**What is being asked:**
Exactly the lines from the beginning of the listing below through the line that contains "SchlafFix Mundtape wurde" should be transcribed, and pictures must stay out.

**Data provided:**
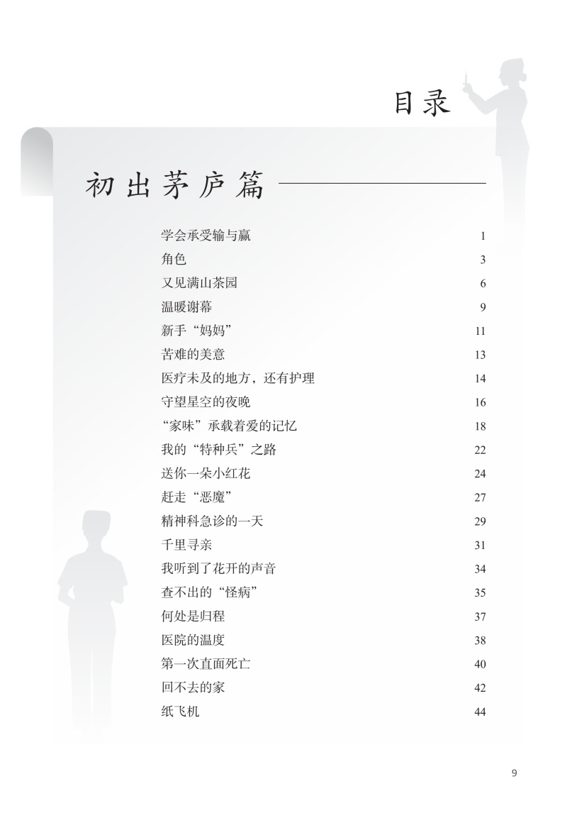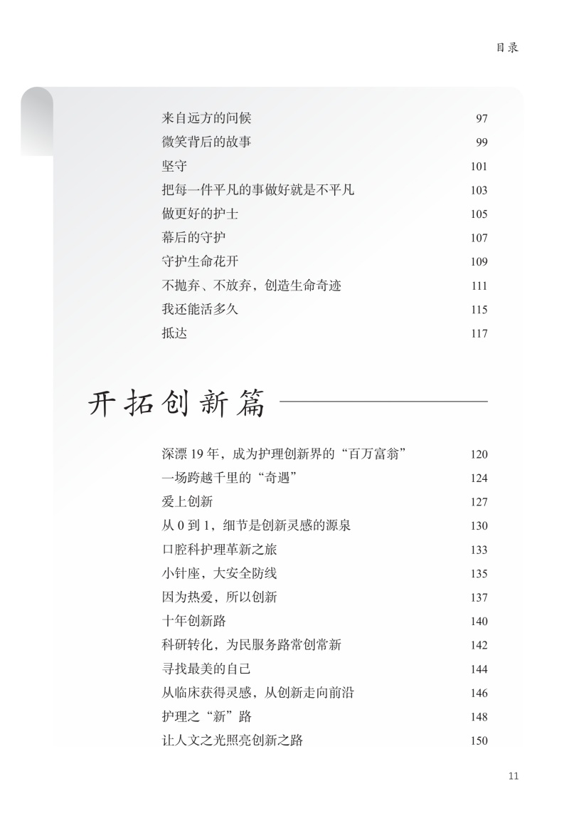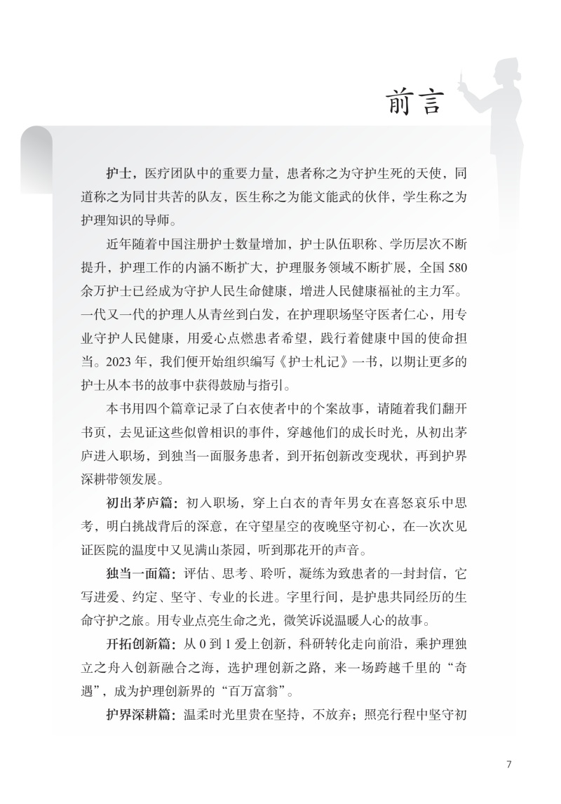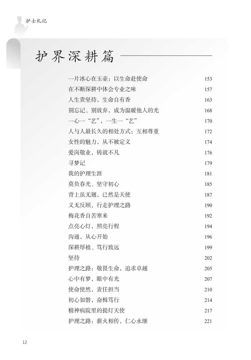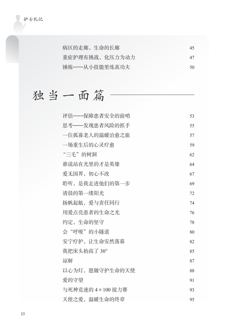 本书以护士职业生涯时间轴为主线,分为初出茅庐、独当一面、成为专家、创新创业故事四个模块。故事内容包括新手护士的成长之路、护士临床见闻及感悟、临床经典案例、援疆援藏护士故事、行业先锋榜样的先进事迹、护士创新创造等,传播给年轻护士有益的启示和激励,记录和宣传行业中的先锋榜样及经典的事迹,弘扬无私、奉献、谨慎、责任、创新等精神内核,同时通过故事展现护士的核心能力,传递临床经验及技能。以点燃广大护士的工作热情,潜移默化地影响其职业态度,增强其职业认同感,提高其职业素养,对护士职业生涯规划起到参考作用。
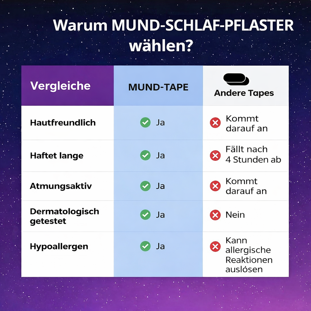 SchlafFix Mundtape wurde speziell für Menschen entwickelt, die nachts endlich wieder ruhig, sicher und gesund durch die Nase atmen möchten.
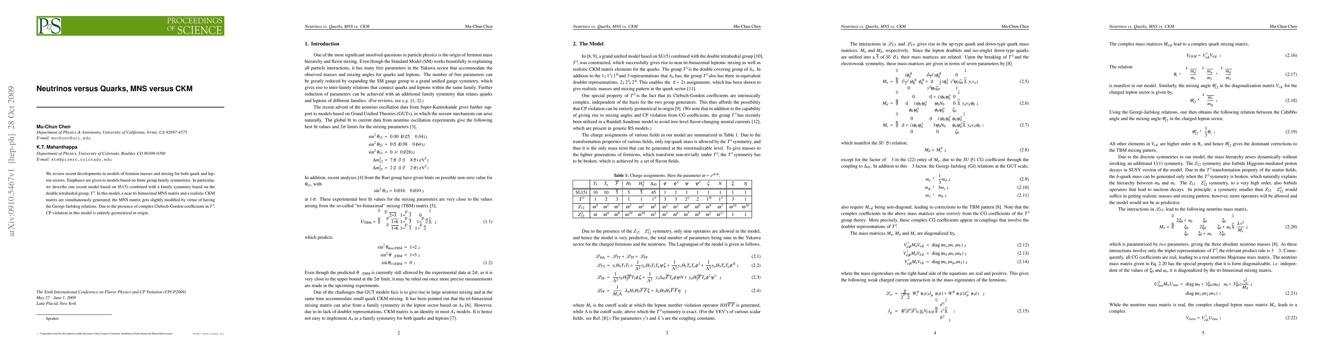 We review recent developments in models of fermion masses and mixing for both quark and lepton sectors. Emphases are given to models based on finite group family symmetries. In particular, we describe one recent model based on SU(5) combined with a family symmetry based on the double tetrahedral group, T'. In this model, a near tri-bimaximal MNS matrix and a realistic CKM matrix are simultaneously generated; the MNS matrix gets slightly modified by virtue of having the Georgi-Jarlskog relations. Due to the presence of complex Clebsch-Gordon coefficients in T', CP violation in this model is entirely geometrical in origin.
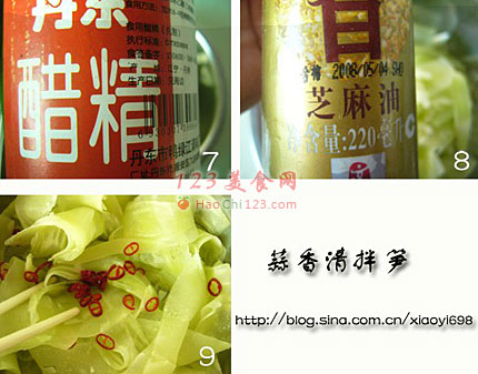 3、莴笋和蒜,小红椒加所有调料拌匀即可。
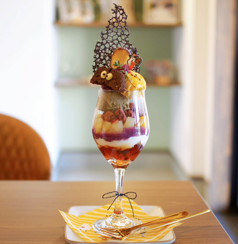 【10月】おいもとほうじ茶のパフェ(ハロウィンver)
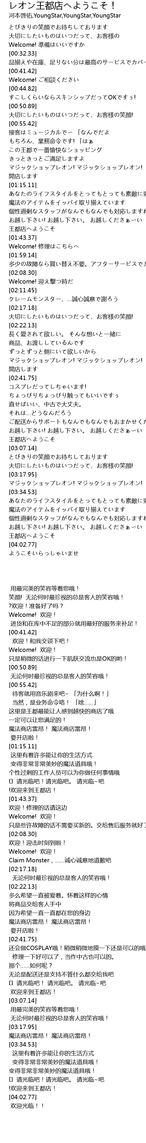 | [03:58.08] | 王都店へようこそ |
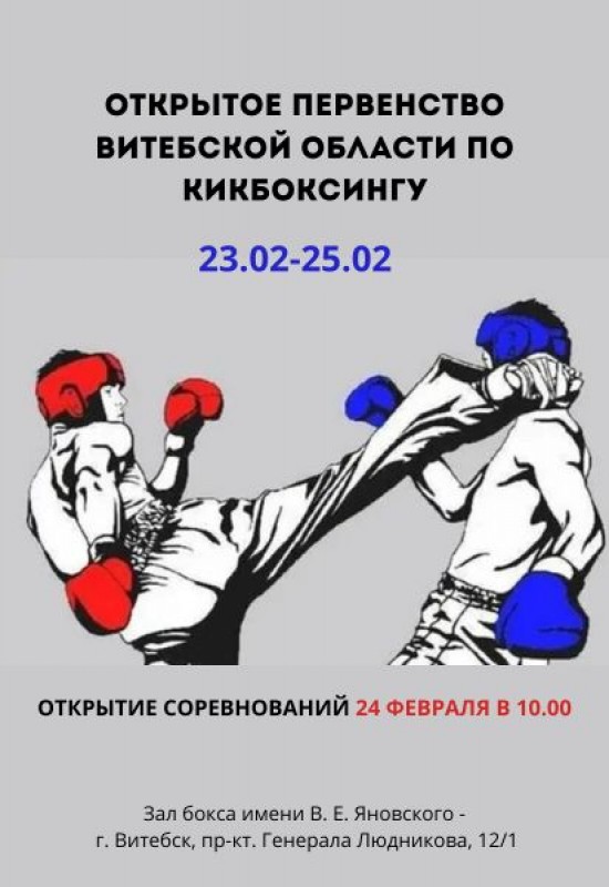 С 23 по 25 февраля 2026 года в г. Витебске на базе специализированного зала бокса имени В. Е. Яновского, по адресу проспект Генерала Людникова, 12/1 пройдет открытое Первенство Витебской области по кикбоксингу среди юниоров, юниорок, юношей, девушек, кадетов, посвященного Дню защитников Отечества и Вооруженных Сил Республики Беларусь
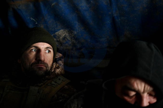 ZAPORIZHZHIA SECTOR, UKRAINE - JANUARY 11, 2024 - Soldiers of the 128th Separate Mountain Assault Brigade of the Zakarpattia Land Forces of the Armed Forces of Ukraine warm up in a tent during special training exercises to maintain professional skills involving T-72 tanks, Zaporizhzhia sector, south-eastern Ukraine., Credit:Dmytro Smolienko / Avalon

**Solution:**
 本书以护士职业生涯时间轴为主线,分为初出茅庐、独当一面、成为专家、创新创业故事四个模块。故事内容包括新手护士的成长之路、护士临床见闻及感悟、临床经典案例、援疆援藏护士故事、行业先锋榜样的先进事迹、护士创新创造等,传播给年轻护士有益的启示和激励,记录和宣传行业中的先锋榜样及经典的事迹,弘扬无私、奉献、谨慎、责任、创新等精神内核,同时通过故事展现护士的核心能力,传递临床经验及技能。以点燃广大护士的工作热情,潜移默化地影响其职业态度,增强其职业认同感,提高其职业素养,对护士职业生涯规划起到参考作用。
 SchlafFix Mundtape wurde speziell für Menschen entwickelt, die nachts endlich wieder ruhig, sicher und gesund durch die Nase atmen möchten.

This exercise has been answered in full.